• Available data:
● ● ● ●

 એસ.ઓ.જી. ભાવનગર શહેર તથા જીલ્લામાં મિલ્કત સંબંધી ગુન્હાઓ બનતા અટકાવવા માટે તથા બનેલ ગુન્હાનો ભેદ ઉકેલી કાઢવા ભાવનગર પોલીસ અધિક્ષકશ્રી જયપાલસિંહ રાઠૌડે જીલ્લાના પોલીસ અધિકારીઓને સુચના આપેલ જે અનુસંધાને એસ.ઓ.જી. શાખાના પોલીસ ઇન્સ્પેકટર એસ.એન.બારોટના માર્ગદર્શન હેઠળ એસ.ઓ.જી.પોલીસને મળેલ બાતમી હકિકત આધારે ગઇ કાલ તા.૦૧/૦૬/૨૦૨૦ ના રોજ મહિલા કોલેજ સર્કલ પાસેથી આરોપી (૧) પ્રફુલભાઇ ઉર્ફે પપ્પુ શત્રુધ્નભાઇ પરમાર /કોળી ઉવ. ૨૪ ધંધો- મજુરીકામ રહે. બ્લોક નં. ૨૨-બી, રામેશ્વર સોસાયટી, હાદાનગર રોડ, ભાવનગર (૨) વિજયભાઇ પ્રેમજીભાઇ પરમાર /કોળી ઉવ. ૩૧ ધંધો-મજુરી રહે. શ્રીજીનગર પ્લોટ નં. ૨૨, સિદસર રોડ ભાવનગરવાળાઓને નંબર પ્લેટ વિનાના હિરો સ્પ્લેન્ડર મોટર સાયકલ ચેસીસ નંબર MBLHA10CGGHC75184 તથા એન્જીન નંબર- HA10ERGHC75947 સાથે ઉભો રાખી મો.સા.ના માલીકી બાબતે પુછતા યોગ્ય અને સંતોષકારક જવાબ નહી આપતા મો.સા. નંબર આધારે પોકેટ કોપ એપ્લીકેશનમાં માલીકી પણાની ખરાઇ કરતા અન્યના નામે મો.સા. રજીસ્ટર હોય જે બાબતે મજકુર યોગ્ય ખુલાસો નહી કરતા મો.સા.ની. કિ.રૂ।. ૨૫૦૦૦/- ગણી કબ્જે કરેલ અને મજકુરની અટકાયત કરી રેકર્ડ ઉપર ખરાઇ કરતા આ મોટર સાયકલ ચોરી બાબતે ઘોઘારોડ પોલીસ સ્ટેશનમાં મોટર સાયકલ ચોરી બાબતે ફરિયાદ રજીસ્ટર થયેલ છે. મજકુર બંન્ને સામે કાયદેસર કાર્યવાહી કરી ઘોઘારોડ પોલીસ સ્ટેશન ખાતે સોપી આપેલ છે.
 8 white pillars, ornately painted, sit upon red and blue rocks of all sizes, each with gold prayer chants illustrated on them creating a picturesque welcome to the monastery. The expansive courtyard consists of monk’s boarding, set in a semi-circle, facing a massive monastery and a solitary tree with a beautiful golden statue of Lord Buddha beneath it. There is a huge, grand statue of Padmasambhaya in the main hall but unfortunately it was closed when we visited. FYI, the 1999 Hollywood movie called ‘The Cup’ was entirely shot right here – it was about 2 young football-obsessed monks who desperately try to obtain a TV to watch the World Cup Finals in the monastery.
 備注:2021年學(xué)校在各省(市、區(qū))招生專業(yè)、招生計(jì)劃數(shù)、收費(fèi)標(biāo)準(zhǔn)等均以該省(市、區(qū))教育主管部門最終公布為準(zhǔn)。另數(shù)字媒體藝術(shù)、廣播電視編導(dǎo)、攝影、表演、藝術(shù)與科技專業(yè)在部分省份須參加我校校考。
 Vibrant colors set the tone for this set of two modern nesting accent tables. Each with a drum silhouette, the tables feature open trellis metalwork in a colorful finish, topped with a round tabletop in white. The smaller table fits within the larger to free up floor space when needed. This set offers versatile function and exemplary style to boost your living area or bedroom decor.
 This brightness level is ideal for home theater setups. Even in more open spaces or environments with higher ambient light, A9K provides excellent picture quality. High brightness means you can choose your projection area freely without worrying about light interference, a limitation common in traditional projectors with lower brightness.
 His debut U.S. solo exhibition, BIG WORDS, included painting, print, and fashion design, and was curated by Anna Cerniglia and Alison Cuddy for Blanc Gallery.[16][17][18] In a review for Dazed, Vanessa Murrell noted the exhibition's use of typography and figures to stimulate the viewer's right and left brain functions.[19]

● ● ● ●

• What to produce:
Could you state how many lines of the records contain "area"? Give the number and nothing else.

• Task response:
2